Potosi est l’une des villes de plus de 100 000 habitants les plus hautes du monde (4090m).
Elle fut construite par les espagnols en 1545, au pied du Cerro Rico « La montagne riche », dans le but d’exploiter ses mines d’argent. Encore aujourd’hui, l’expression « vale un Potosí » ( « ça vaut un Potosí » s’emploie en espagnol à peu près avec le même sens que l’expression française « c’est le Pérou », dont l’origine historique est la même.

Potosi

Potosi

Grâce à l’argent extrait par le travail forcé des indiens, la ville devient, pendant la conquête, la plus peuplée d’Amérique avec plus de 200 000 habitants.
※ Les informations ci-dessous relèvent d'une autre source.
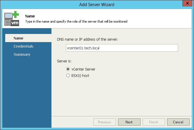 This is an archive version of the document. To get the most up-to-date information, see the current version. Step 3. Specify Server Name and Role At the Name step of the wizard:Specify DNS name or IP address of the server that you want to connect. Specify the server role — vCenter Server or a standalone ESXi host.

On dit qu’avec la quantité d’argent extraite des mines, on pourrait construire un pont reliant Potosi à Gibraltar au-dessus de l’Atlantique, et que les ossements des mineurs qui ont péri à cause des conditions de travail y suffiraient également.
Après 1800, l’argent se fait rare, et l’étain devient la première ressource.
Aujourd’hui, bien que déclarées épuisées, les mines sont toujours exploitées artisanalement par les habitants, dans des conditions de sécurité toujours désastreuses pour les mineurs.

Potosi

Potosi

C’est justement avec l’idée de rendre visite à ces mineurs que nous avons débarqué dans cette ville, dont le charmant centre historique est classé patrimoine mondial de l’UNESCO. Ruelles étroites pavées, balcons en bois sculptés et édifices religieux richement décorés, témoignent d’un passé opulent.
On fera une étape d’une nuit à la Casona, vieille demeure coloniale transformée en Auberge pour routards.
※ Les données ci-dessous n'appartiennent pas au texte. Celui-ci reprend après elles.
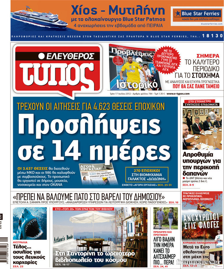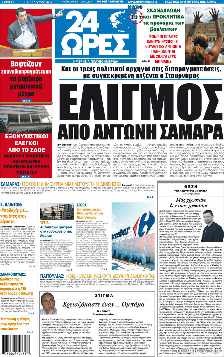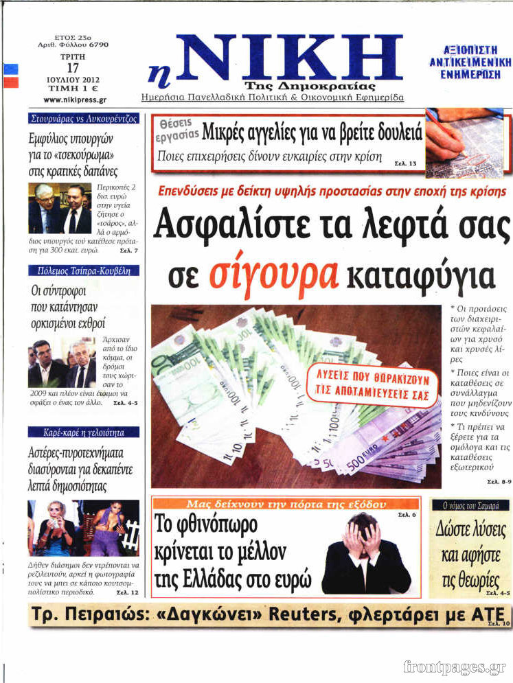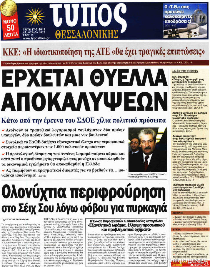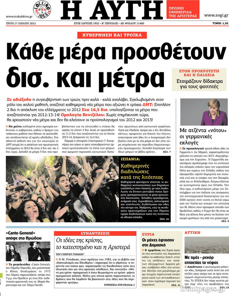 Διαβάστε τα σημερινά πρωτοσέλιδα των πολιτικών εφημερίδων

C’est à 8h30 le lendemain matin qu’on entreprend la visite des mines Got, Kim et moi (Nini est restée à l’hôtel pour alimenter son blog). Parés d’un équipement adapté (sur-pantalon, veste, bottes en caoutchouc et casque à lampe), nous voilà partis! Une première étape au marché pour acheter des présents pour les mineurs : gants, feuilles de coca, soda et alcool à 96° que c’est même pas pour désinfecter des plaies!!!

Les mineurs - Potosi

Les mineurs – Potosi

Nous arrivons à l’entrée du boyau, prêts à pénétrer la montagne, mais avant, petite séance photos dans un wagonnet, histoire de dire « on y était! » : une photo avec Got, une photo avec Kim, et je descends pour prendre la photo de Got et Kim, et là, boum badaboum crack! Une cheville en moins!
Après m’être roulée par terre, avoir insulté ma mère (pardon maman!) et renié dieu, je décide quand-même de continuer parce que je suis une guerrière!
C’est tout simplement contre son instinct naturel de survie que de rentrer là-dedans. Ca n’est pas juste extrêmement désagréable, c’est dur. On marche dans le noir, courbé, respirant un air rare et chargé de poussière. Parfois, on rampe carrément dans les galeries.
Notre guide, Johnny, est super, il sait nous détendre tout en étant à notre écoute, et il sait répondre à toutes nos questions, c’est un ancien mineur!
Enfin nous rejoignons un groupe de 3 mineurs, tous de la même famille, ils travaillent toujours ensemble. On est mineur de père en fils/mère en fille. Pas vraiment d’autre activité dans la région, pas d’entreprise, pas d’industrie (si ce n’est celle qui transforme la matière brute en matière première). Tout s’articule autour de la mine.
Le plus jeune du groupe, Ivan, a 19 ans, tous ont commencé à travailler depuis l’âge de 15 ans environ (c’est aujourd’hui interdit de faire travailler les mineurs dans la mine… euh 🙂
Mais que font-ils? Ouh la la, ils préparent de la dynamite!!! Tous aux abris… nous allons nous réfugier 10 m plus loin, dans un boyau voisin… et boum! Un boum sourd et très court, plus impressionnant par l’onde de choc que par le bruit. Bon, ça c’est fait!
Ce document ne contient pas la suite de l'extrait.